DATA TO PROCESS
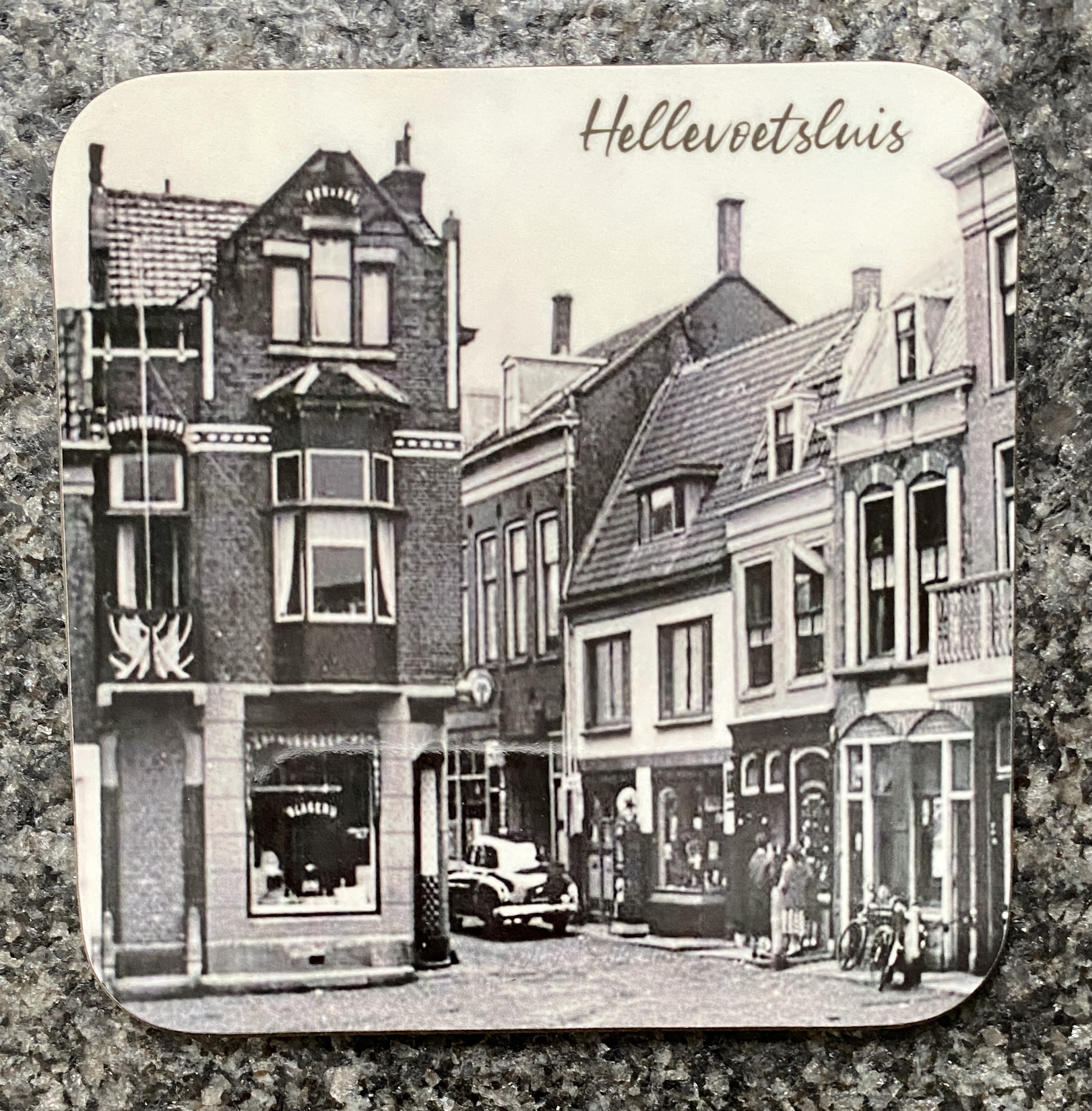 Onderzetter met een afbeelding van Hellevoetsluis in vroeger jaren
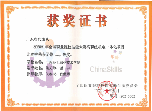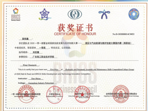 2020年“一带一路”技术创新大赛一等奖 2021年全国职业院校技能大赛高职组二等奖
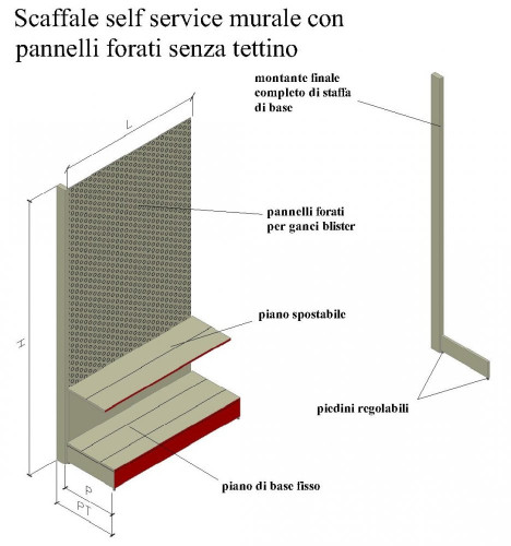 Scaffalature SELF SERVICE, modulari e componibili, tipo murali a parete con fondale e/o schienali posteriori forati per ganci blister.
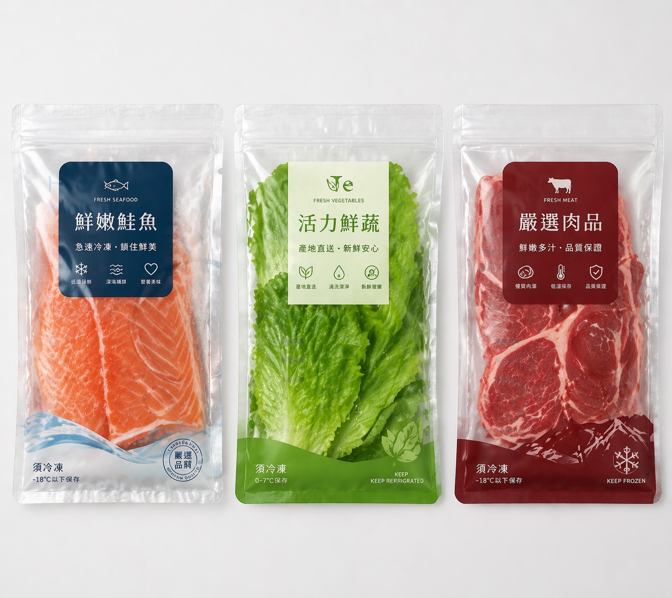 生鮮食材包裝袋主要應用於肉品、水產、蔬果與冷凍食品等產品,包裝需同時具備保鮮、耐低溫、防滲漏與阻氧效果,以確保食材在冷藏與冷凍運輸過程中維持新鮮與安全。
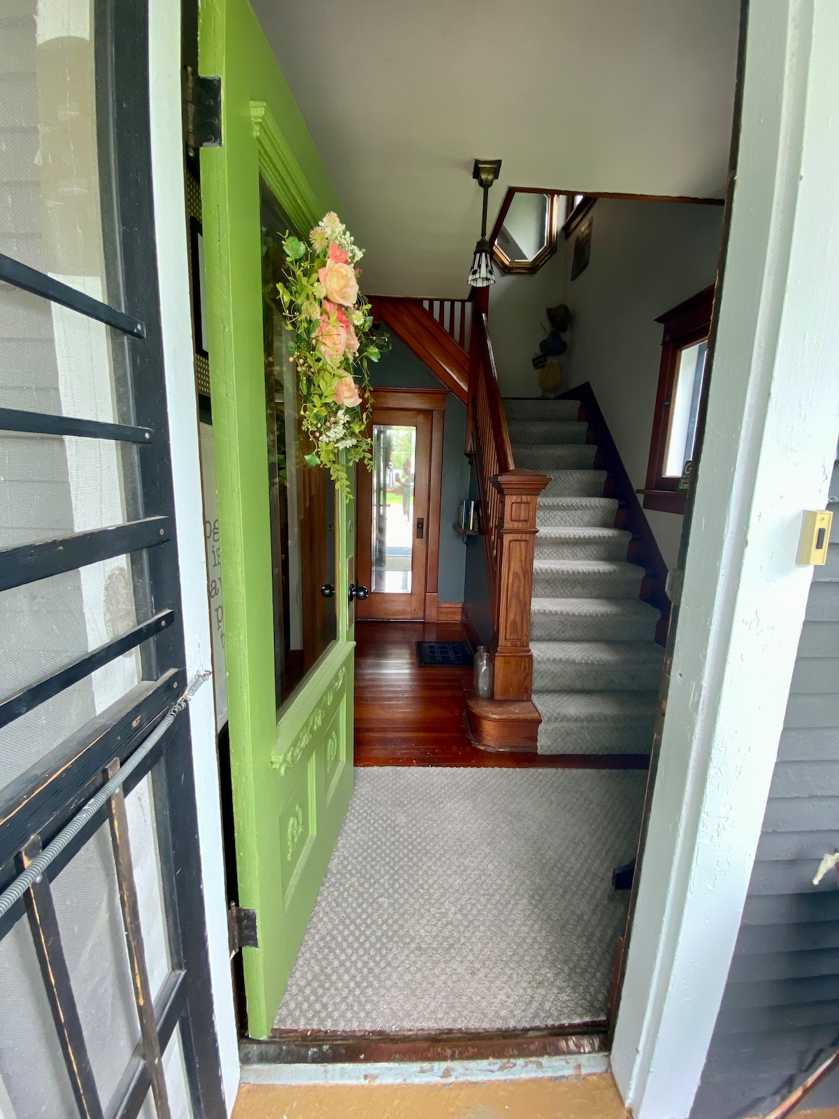 Preciosa casa de campo de 2 dormitorios ubicada frente al parque. Recién decorada con cocina de estilo rural totalmente equipada. El dormitorio principal tiene una cama tamaño queen ajustable, mientras que el segundo dormitorio tiene 2 camas individuales. La casa es ideal para una familia, dos parejas o un fin de semana de chicas en Historic Bishop Hill o destinos como Psycho Silo, Goods Furniture o Horse Shoes en Blackhawk College East.

EXERCISE INSTRUCTIONS
Reproduce the lines from the one holding "生鮮食材包裝袋主要應用於肉品" through the end of the entries above exactly, keeping both ends and dropping every picture.

TASK ANSWER
 生鮮食材包裝袋主要應用於肉品、水產、蔬果與冷凍食品等產品,包裝需同時具備保鮮、耐低溫、防滲漏與阻氧效果,以確保食材在冷藏與冷凍運輸過程中維持新鮮與安全。
 Preciosa casa de campo de 2 dormitorios ubicada frente al parque. Recién decorada con cocina de estilo rural totalmente equipada. El dormitorio principal tiene una cama tamaño queen ajustable, mientras que el segundo dormitorio tiene 2 camas individuales. La casa es ideal para una familia, dos parejas o un fin de semana de chicas en Historic Bishop Hill o destinos como Psycho Silo, Goods Furniture o Horse Shoes en Blackhawk College East.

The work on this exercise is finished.